Abstract
Purpose: :
To examine the risk factors for postoperative intraocular pressure (IOP) spike in patients with open angle glaucoma (OAG) undergoing primary cataract extraction.
Methods: :
We surveyed 205 consecutive eyes with a diagnosis of OAG who underwent primary cataract extraction by a single surgeon. Patients who had a IOP spike of greater than 10 mmHg above their baseline pressure on postoperative day one were identified. Baseline characteristics were obtained and compared to patients who did not experience a IOP spike.
Results: :
Thirty-four patients (16%) had a IOP spike of 10mmHg or greater.

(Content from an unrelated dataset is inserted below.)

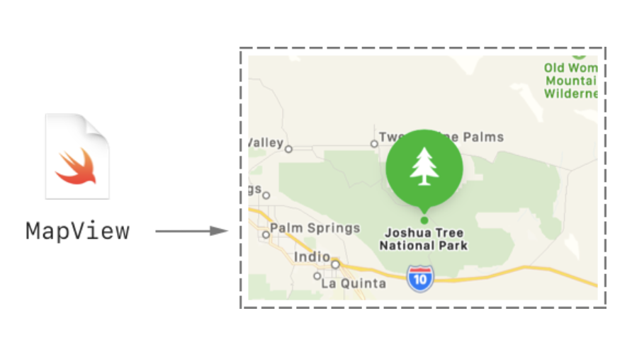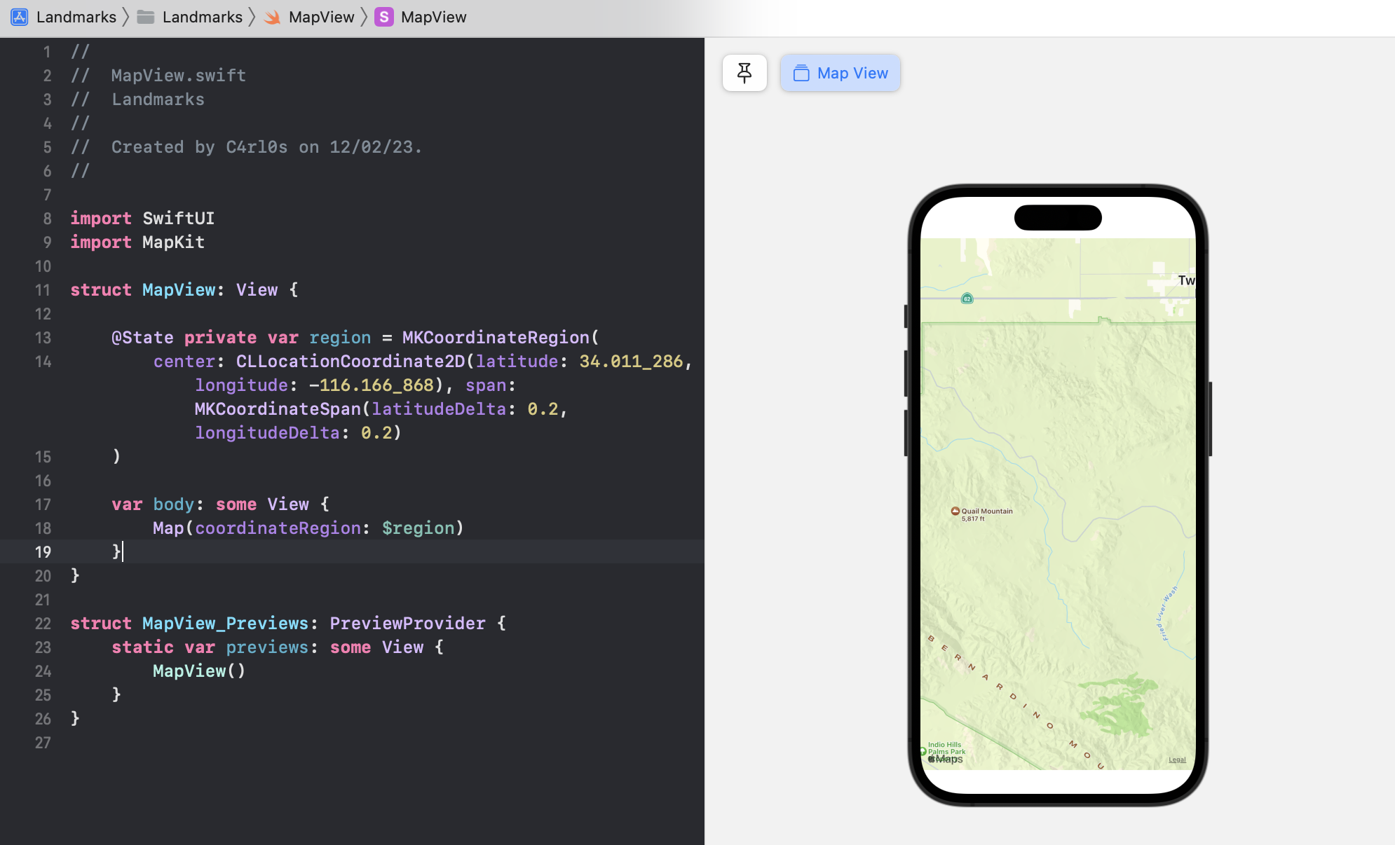 }Next you’ll create a map that centers on a given coordinate. You can use the Map view from MapKit to render the map.

Patients with a IOP spike were more likely to be male (19/79 vs 15/126, P = 0.023), have a younger age (70.7 ± 11.0 vs 75.9 ± 9.8 years, P = 0.006), wider angles on preoperative gonioscopy (Shaffer grade 3.48 ± 0.6 vs 2.97 ± 0.8, P = .002), longer axial length (AL) (25.08 ± 2.4 vs 24.1 ± 1.7 mm, P = 0.004), deeper anterior chamber (AC) (3.28 ± 0.4 vs 3.02 vs 0.5 mm, P = 0.004), undergone laser trabeculoplasty (LTP) prior to surgery (14/40 vs 20/165, P = 0.001) or refused or forgot to take IOP prophylaxis medications (14/49 vs 19/154, P = 0.014).
Conclusions: :
Our study suggests prophylactic IOP lowering therapy should be used in OAG patients undergoing cataract surgery. Factors that may place patients at risk for a postoperative IOP spike include male gender, younger age, wider angles, longer AL, deeper AC, prior LTP and omission of prophylactic IOP lowering medications.